I’ve been attempting to put into words what this affects — to name something is to at least start to tame it. I came up with the term “Decision Tempo”. How long do we take to make a decision of particular scale? There is no official formula for any of it. Inside an academic department issues are topically assigned to various committees, who are supposed to ruminate on them and then bring them back to a faculty meeting for a vote. Faculty meetings are the butt of every joke in academia for reasons. They allow nit-pickers to, well, nit-pick. From a memetic perspective, what this means in a Legalistic v-Meme organization, where status matters, individuals can argue endless exceptions to generalized rules, to fix smaller and smaller problems, in the pursuit of completeness.

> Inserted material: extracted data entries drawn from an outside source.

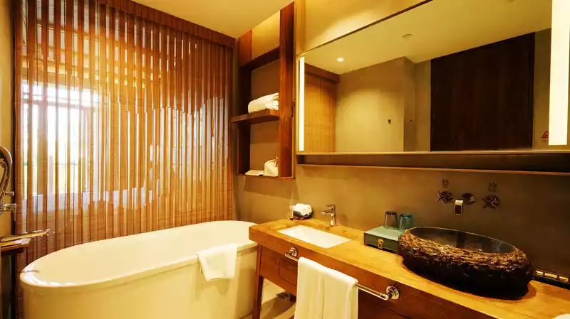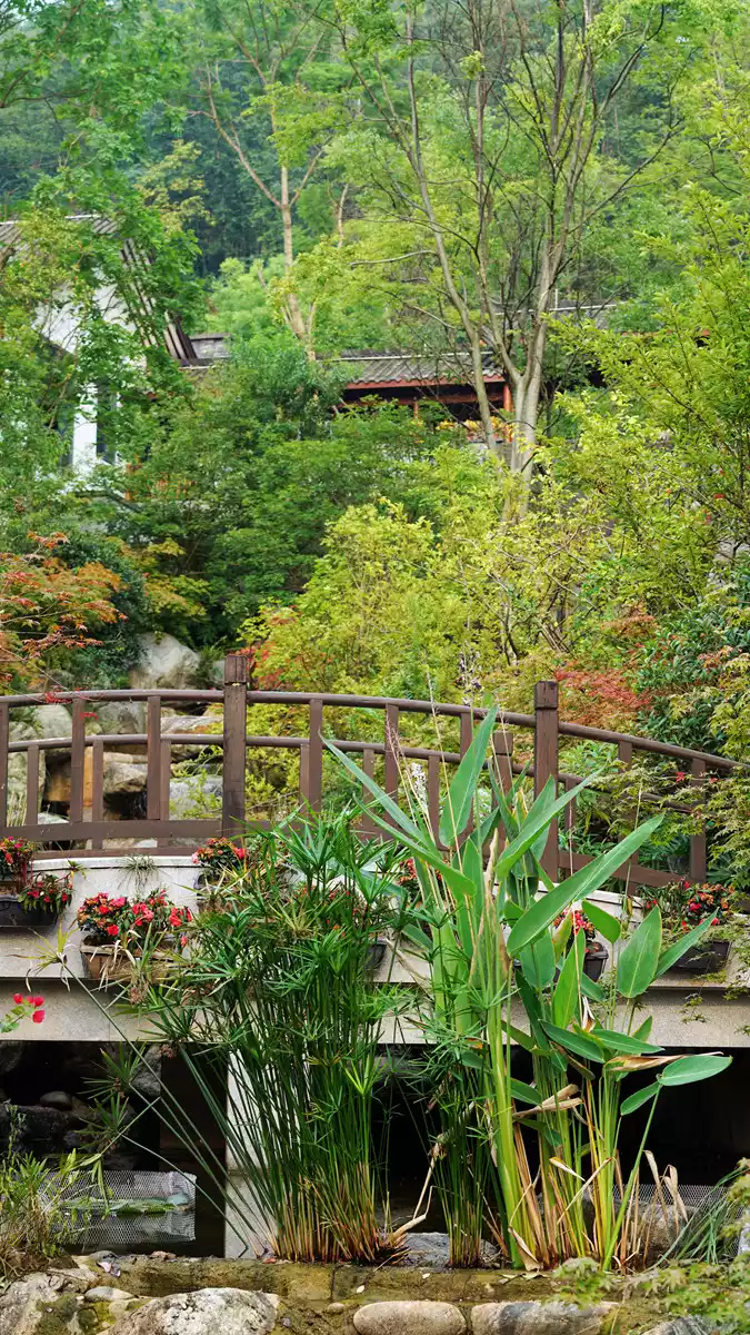 The hotel covers an area of about 90,000 square meters, with 231 rooms distributed among the green plants, and the gurgling stream flows through the rooms, giving it the feeling of a small bridge and flowing water.
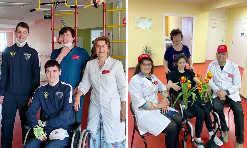 Женя Графов (слева) и Саша Ярошик (справа) с реабилитологами в Центре Ирины Волковой
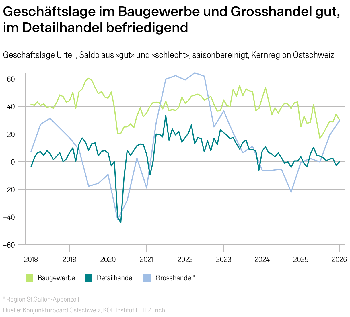 Geschäftslage Urteil, Saldo aus «gut» und «schlecht», saisonbereinigt, Kernregion Ostschweiz
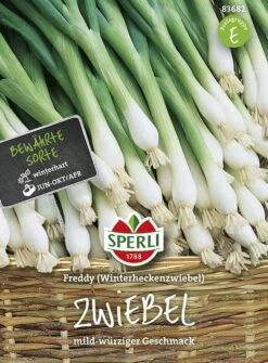Die Zwiebel ‚Freddy‘ ist eine mehrjährige, frostharte Winterheckenzwiebel. Am selben Standort kann diese Sorte viele Jahre alt werden. Je nach Belieben und Reifestadium können sowohl die weißen Zwiebeln als auch das Laub geerntet werden. Letzteres ist grün, röhrenförmig und wesentlich dicker und höher als beim Schnittlauch, hat aber ähnlich wie dieser einen mild-würzigen Geschmack. An einem sonnigen Plätzchen können die Zwiebelsamen als Frühjahrsaussaat im April und als Herbstaussaat von Juni bis Oktober ausgebracht werden. ‚Freddy‘ stellt keine gehobenen Ansprüche und wächst auf allen Gartenböden zuverlässig und ertragreich.
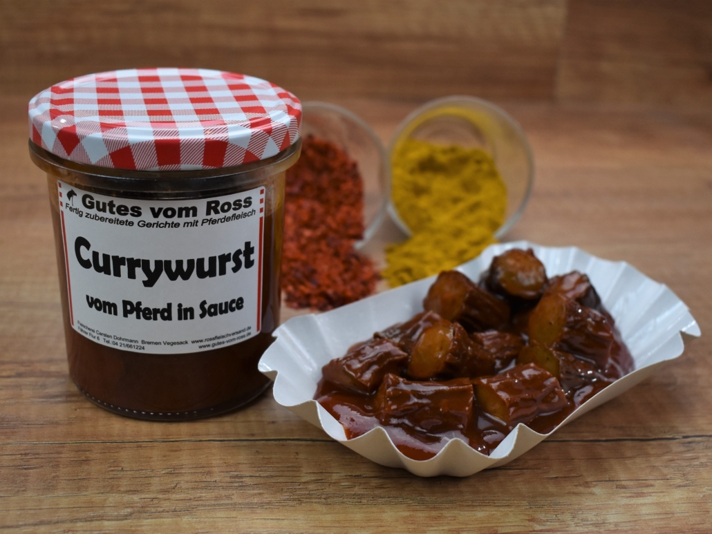 Leckere Wurst aus 100% Pferdefleisch in einer feinen Currysauce.
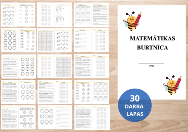 - 7 lapas – teksta uzdevumi (ar 1 un 2 darbībām)
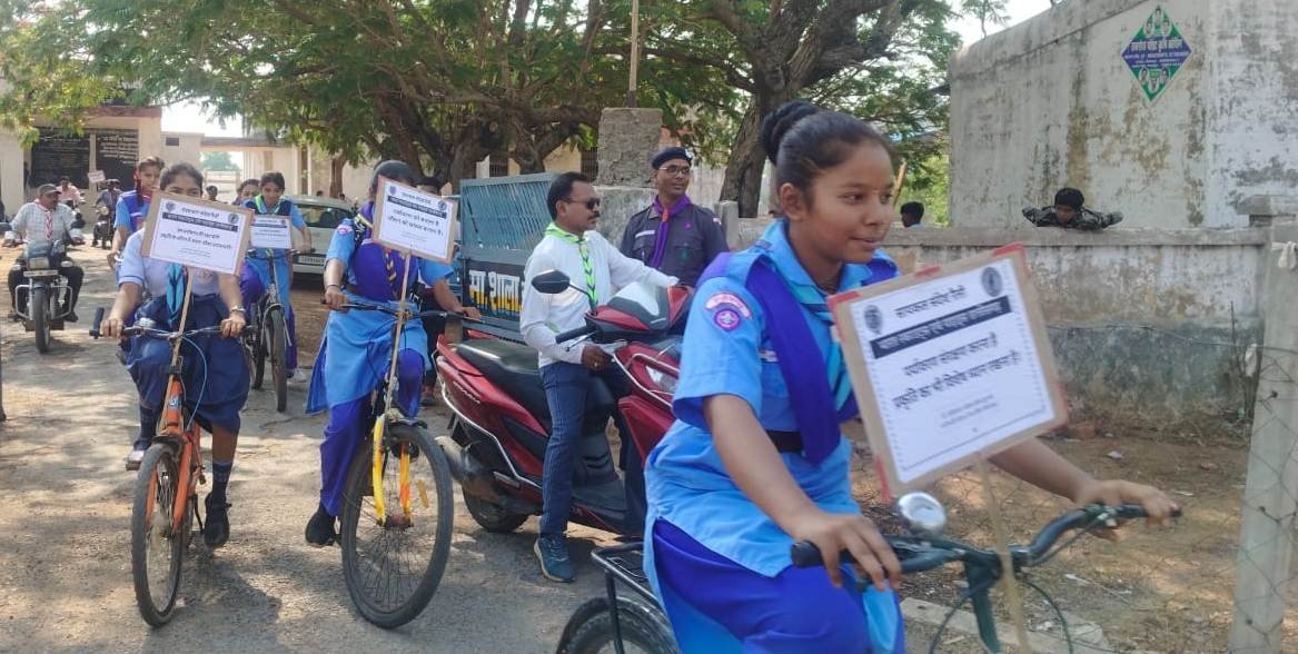 राजनांदगांव। भारत स्काउट्स एवं गाइड्स के 75वीं हीरक जयंती के अवसर पर शासकीय कन्या उच्चतर माध्यमिक विद्यालय डोंगरगढ़ से पर्यावरण एवं जल संरक्षण का संदेश देने के लिए साइकिल रैली निकाली गई।

What’s more interesting is that history in most of these decisions is only contained in an oral tradition – a true Tribal/Mythical v-Meme flex. We’ve cycled back, even in my department, which is modestly functional, to various overall curriculum changes multiple times. As now one of the two most senior faculty, I’m often the only person that can even remember where we were 20 years ago.
With Decision Tempo, the term, I can at least start the conversation with younger faculty about what theirs might be. Swimming in a static world without time, there isn’t even any consideration of how long most decisions take. There are tons of decision-making frameworks (of course) and if you can’t come up with your own, you can always use Strengths, Weaknesses, Opportunities and Threats (SWOT). Google it.
If there’s a larger lesson, the first step of transitioning out of emergent, v-Meme, unconscious strategies is to name and make conscious something you’re attempting to optimize. As with Decision Tempo, you’ll find others have thought about it. Then you’re at least part way towards changing the memetic structure of our organization. Because once you confront Decision Tempo, you can then have a discussion on how you view trying new things, and the cost of failure. Which is THEN the root cause of innovation. As discussed in this article on SpaceX and the Boeing Starliner.
“What’s more interesting is that history in most of these decisions is only contained in an oral tradition – a true Tribal/Mythical v-Meme flex.”
This is what drives me batty about the phrase “institutional knowledge.” A good institution doesn’t need to rely on this if it documents properly and has codified policies and a robust mechnism for changing them (read: constitution and bylaws). But a bad institution allows for fraud and corruption because newcomers always lack the Holy Knowledge to be taken seriously and not simply sidelined while the corruption continues. (see also: Little League boards)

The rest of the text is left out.